I suspect this column will be impossible to write and I'll have to abandon it and find something else to pontificate about.

Like pretty much everyone else on the planet, I have looked on in wonder and joy as an extraordinary moment of social change sweeps across the world, riding on the mighty back of the simple little hashtag, #metoo.

The pendulum swings

I have swung between incredulity, exultation and gloating as the Burke-Weinstein pustule is finally lanced. I wrote, right here, about how men need to call out their sexist mates and make them non-mates if they continue. I am at the tail-end of a book on being a better man (out next year, by the way!) and years of writing about men's issues have left me way out on the far left, as I've educated myself and became more and more horrified at the effects of sexism, gender stereotypes, sexual assault and domestic violence – all the terrible shit men do to women.

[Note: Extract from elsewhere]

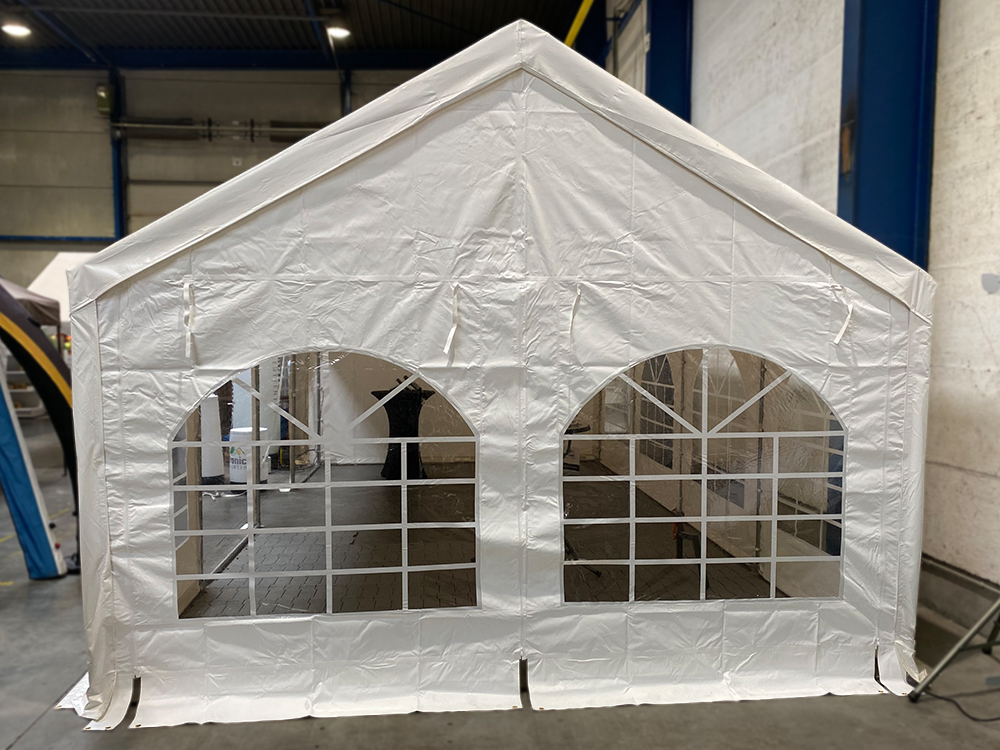 Cette tonnelle blanche ou beige se compose d’une bâche de toit super forte en pvc, identique à celle qu’on utilise pour des camions (550 gr/m²). Fixez les murs en pièces de 2 mètres à l’aide des bandes de velcro et des anneaux avec des tendeurs élastiques. Les faces latérales sont fabriquées en pvc de 500 gr/m², et en bas il y des rabats anti-courant d’air, qui empêchent le vent et la pluie d’envahir la tente. Les deux parois latérales (chaque paroi se compose de 2 x 2 mètres) ont 2 fenêtres, et aux côtés transversales il y a une porte qui est prévue d’une tirette solide. En bas des parois se trouvent des fentes par lesquelles vous passez le cadre de sol (optionnel).

I don't think leading feminist writer Clementine Ford is a man hater but a fierce warrior, swinging a big sword in a very real war. Tracey Spicer is Boudicca.

Ask yourself...

As the Don Burke story broke last week, I was in the car with my partner.

The radio announced there was a list of 60 plus Australian media and entertainment executives with complaints against them. There's barely 60 in the country.

"Oh my god it's going to be a blood-bath!" I shouted, delightedly.

She looked at me quickly and said "But you're okay, yeah?"

I almost crashed off the Mooney Mooney Bridge.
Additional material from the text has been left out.